The biggest tourist thing to do on the Sunshine Coast is Steve Irwin's Australia Zoo. Usually, we're not too supportive of zoos (expecially some of the ones in Europe, recall the bear pits in Switzerland) but they've done a great job in conservation and none of the animals seemed 'caged in'. It's amazing how worshipped Steve Irwin is in Queensland. In Canada, we thought of him as a novelty act but he really has done great things for habitat preservation and awareness. His likeness is all over the zoo and his family still runs the show. Even his annoyingly cute little prodigy, Bindi, who now has her own recording album which they play on a loop in certain sections of the zoo.
We took the bus there with the Munich Boys and another german mate, Timo. We started off with the least exciting animals (otters and lizards) but quickly went for the elephant feeding. It seems everybody at the zoo lines up to pay to feed them. They're stuck in line forever and only get a few seconds with the elephants so we opted for lining the fence along where the handlers lead them down from their paddock. We got
Walking the Asian Elephants to the tourists lined up to hand-feed them
right up close for some great pictures. The handlers line them up one-by-one and they hold the tail of the one in front of them to form some sort of elephant train.

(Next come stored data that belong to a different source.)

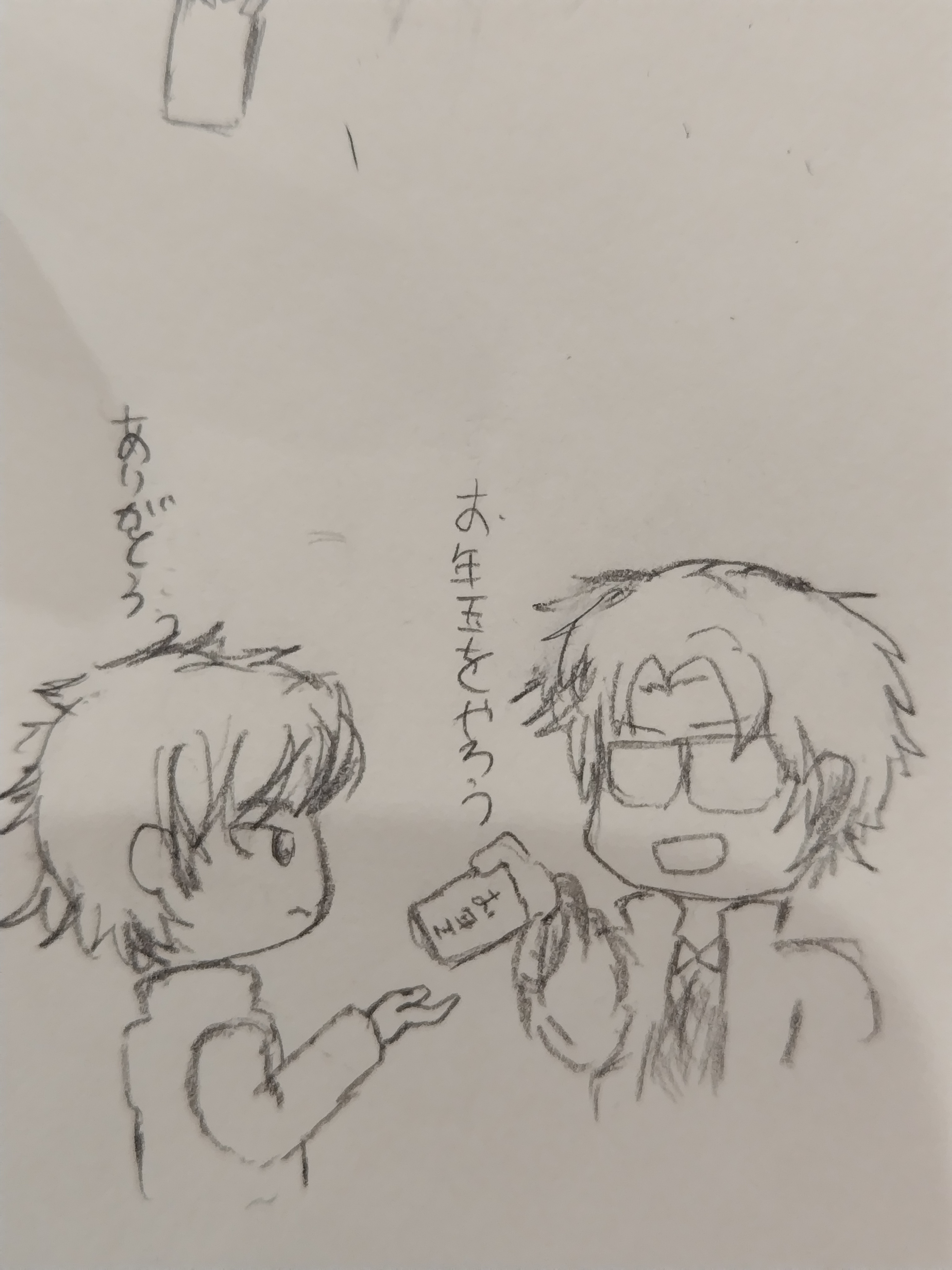変わりに明け方のテンションで描いたヒィ君にお年玉を配る劾さん。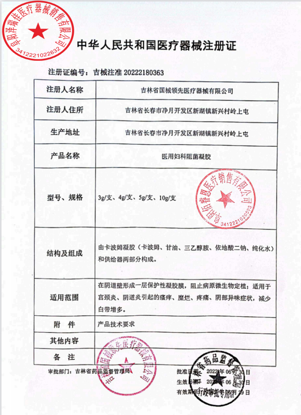 醫(yī)用婦科阻菌凝膠(無憂圣果/太集正通)由卡波姆凝膠和供給器兩部分構(gòu)成。在陰道壁形成一層保護(hù)性凝膠膜,阻止病原微生物定植;適用于宮頸炎、陰道炎引起的瘙癢、糜爛、疼痛、陰部異味癥狀,減少白帶增多。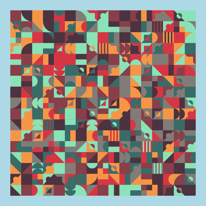 Each G-grid consists of 60 uniquely generated probabilistic geometrical shapes with 100 different color palettes, with each palette using colors range from 7 down to just 2 colors.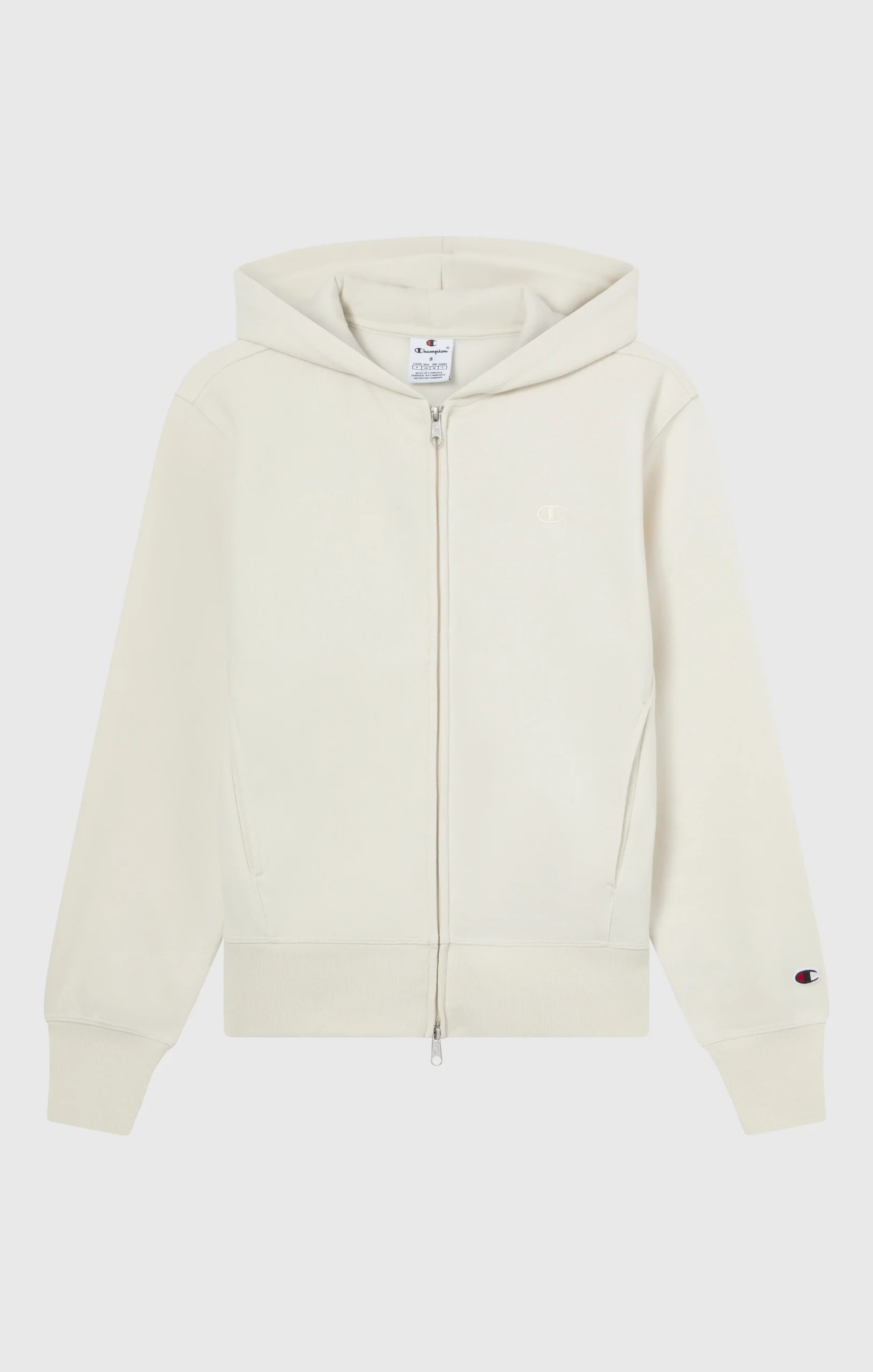 This Champion hoodie belongs to the Icons Tonal line, a selection of must-haves with a minimal and recognizable design. Made of Soft Compact Fleece (280 g/m²) with a brushed inside, it provides warmth, softness and durability. The Standard Fit ensures versatile comfort, while the adjustable hood and full zip increase functionality. The small tone-on-tone embroidered logo on the chest adds a distinctive touch without losing essentiality.@@@Composizione: 70% Cotone, 30% Poliestere |Tessuto: Soft Compact Fall Poly Fleece |Grammatura: 280 g/m² |Interno felpato |Cappuccio regolabile |Chiusura full zip |Tasche a marsupio |Logo ricamato tono su tono sul petto |Logo C ricamato sulla manica |Vestibilità: Standard Fit – versatile e confortevole, segue le linee del corpo senza segnarle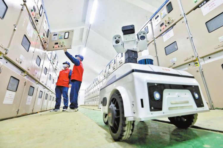 該開關站位於蕪湖古城,2022年1月初開始改造,2022年4月27日完成建設,並初步投運。記者在現場看到,一台純白色的機器人“走在”電力開關櫃間,一對“大眼睛”不時望向櫃中的電纜頭,在它的身後,幾位供電人員正在對開關櫃設備的數據進行分析(如圖)。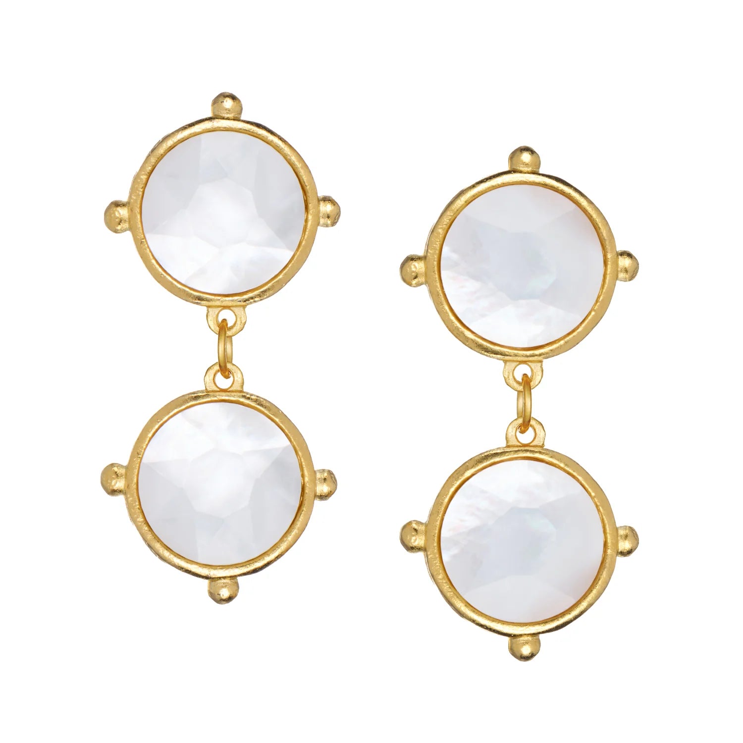 Inspired by the Princess of Wales and her timeless style, the Kate Drop Earrings are just the finishing touch your outfit needs. Featuring genuine Mother of Pearl specially cut to fit in our soirée setting, these earrings have a subtle iridescence and dangle elegantly around the face to add movement while remaining lightweight. The glistening white Kate Drop Earrings would be perfect for bridesmaids gifts, bridal season or your next wedding guest look.

After that we checked out the wombats which instantly became our favourites for their laid back attitude and big rear ends. The bird exhibits were cool as you got to walk right inside a giant cage with a simulated rainforest ecosystem and you had to keep your eyes peeled for the dozens of different breeds. This was followed by the kangaroo park where you went right inside and had the ability to go up and pet the roos. You could do pretty much anything to these roos but they were trained to go to their Kangaroo only 'quiet area' once they got sick of humans playing with their tails. Right outside the kangaroo park there was a koala petting area, carefully guarded by keepers to prevent harassment of these sleeping beasts. We then took a walk through the SE Asia section to look at the tigers.

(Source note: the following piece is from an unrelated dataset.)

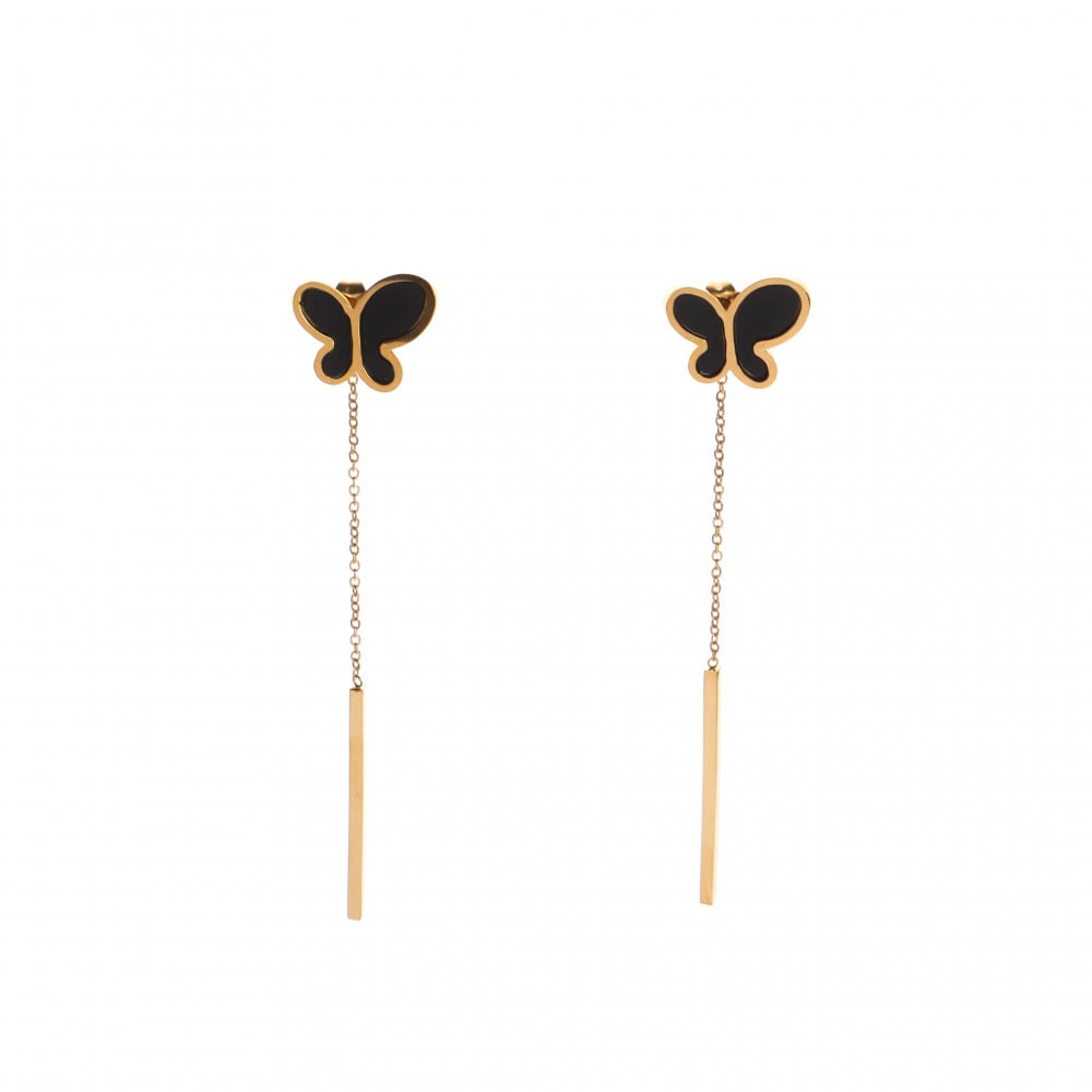 صُمم هذا الحلق ببساطة وأناقة على شكل فراشة تتدلى منها سلسلة رفيعة تعطي منظراً جذاباً تتوفر بعدة ألوان.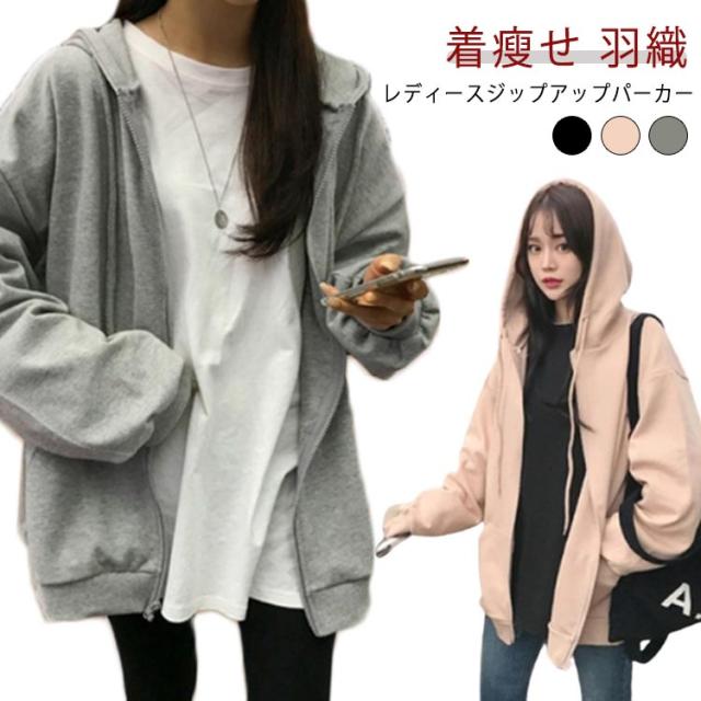 秋 ジップパーカー 春 ジップアップパーカー スウェット レディース 薄手 フード付き カジュアル ジップアップ アウター ジップパーカー 着?せ パーカー 長袖 羽織 おしゃれ ライトアウター ゆったり 大きいサイズ 韓国ファッション おしゃれ 可愛い きれいめ 無地

We had lunch (well, four peanut butter and jelly sandwiches nicked from the hostel because we're too cheap) then took
One of many viciously lethal snakes in Australia
in a few more exhibits while we waited for the Croc Show to begin. It was here where we discovered another one of our favourite animals, the cossawary, and emu-like big bird with a red fin on it's head and raptor feet. Apparently, you can find them in the wild in Far North Queensland so we hope to check them out one day. The Croc Show, which Steve used to do before the accident, was geared for kids but the crocodile feeding was still pretty cool. After the show we just had enough time to walk through the crocodile pens and a few remaining exhibits before it was time to catch the bus back. Of course, we made one more trip to the infamous wombats before leaving.
It was a solid day but we were very happy to have been there. By far it was the best zoo either one of us has ever been to.